I like the teardrop concept. It sleeps two confortably and the rear tail gate opens up and you can have a cook-top, refrigerator and storage for food and cooking utensils.
There would be less drag with a smaller trailer and weight and probably better gas mileage than would be expected with a larger trailer.
There are a few companies that manufacture the teardrop, as this represents just one manufacturer.

Teardrop Trailer:
Teardrop Travel Trailers by Camp-Inn

Roof Top Tents:
Welcome to AutoHomeUSA - Suppliers of Roof Top Tent Campers for SUVs, vans, trucks, or cars


----------



## woodster

Vintage Campers: Restore an old camper!
vintage camper pictures


----------



## artmart

There are different schools of thought for each option. They suit different needs.

The teardrops are light but in many states you are limited in how fast you drive for safety and because if you go too fast, you'll probably burn out the bearings on those little guys.
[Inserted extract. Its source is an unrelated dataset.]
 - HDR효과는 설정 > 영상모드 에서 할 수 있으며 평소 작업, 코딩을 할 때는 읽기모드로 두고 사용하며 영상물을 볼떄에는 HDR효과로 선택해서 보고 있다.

Another advantage is the ability to disconnect and still be able to drive around. Most times no matter how light a trailer creates more drag and might impact the fuel economy than not have a trailer to tow.
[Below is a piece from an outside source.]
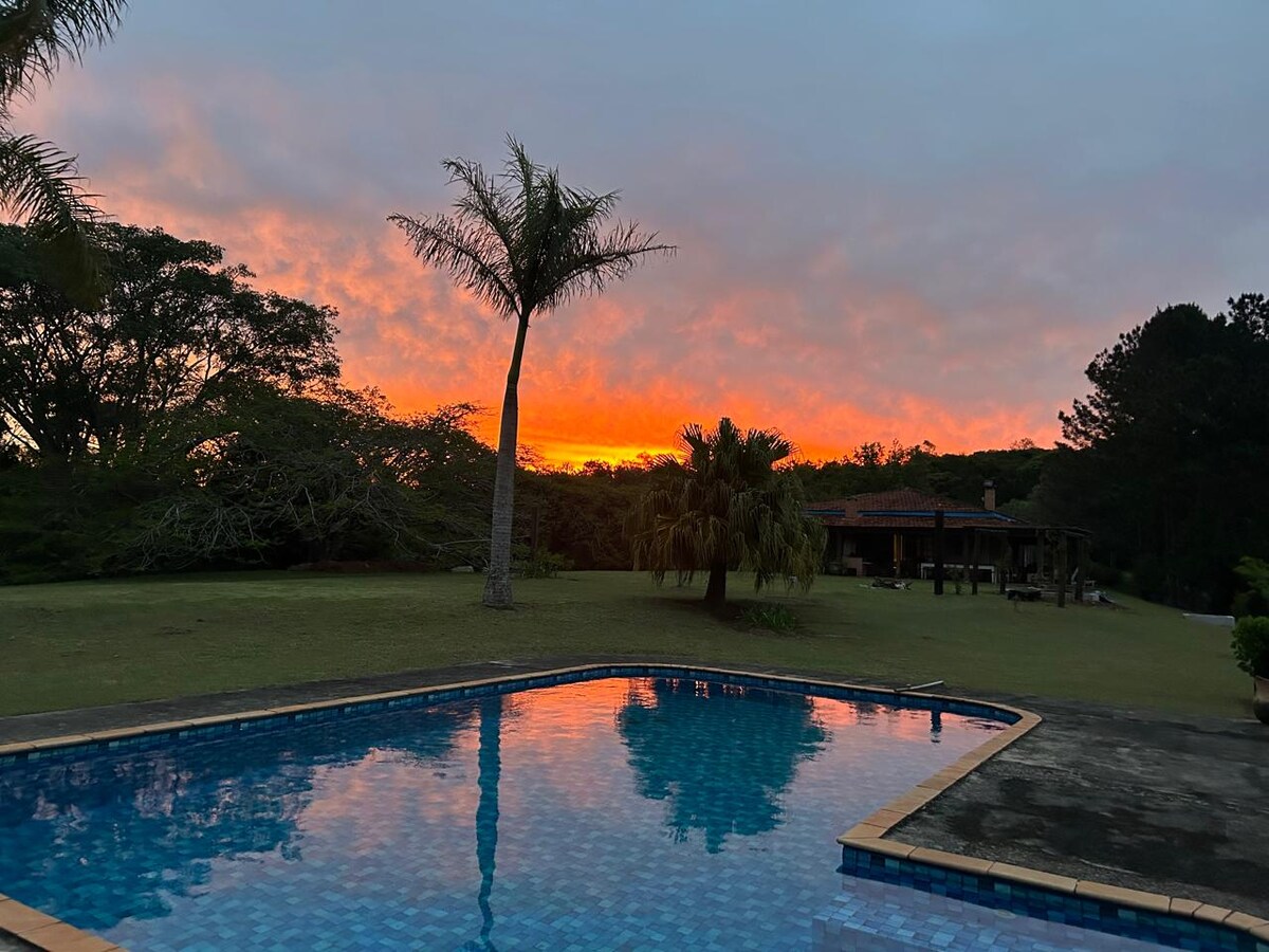 Atibaia svæðið, sem Jarinu er hluti af, er flokkað af UNESCO sem er með annað besta loftslag í heimi. Rómantíski skálinn (70 m2) er mjög heillandi, rólegur og notalegur! Lokað fjölskylduíbúð með útsýni yfir fjallið umkringd miklu grænu og með nokkrum tómstundavalkostum: sundlaug, nuddpottur (upphitaður), vatn ( einka), ytri og innri arinn, grill (einka), pizzaofn (sameiginlegur), leikherbergi, fótboltavöllur, svalir, sjónvarp, himinn og ljósleiðara þráðlaust net).

The truck tents you linked are for those who want to go off the beaten path (it's difficult to take your trailer off road) and don't want the extra size and weight of a towable. It's for more basic, natural functions with all the expensive maintenance of a towable. This version also does not take up an cargo space (but will add only a few pounds of cargo), therefore weight compliance is probably easier. Fuel economy might be just a little better because of the weight too, even though the drag on top of the roof might impact this a little.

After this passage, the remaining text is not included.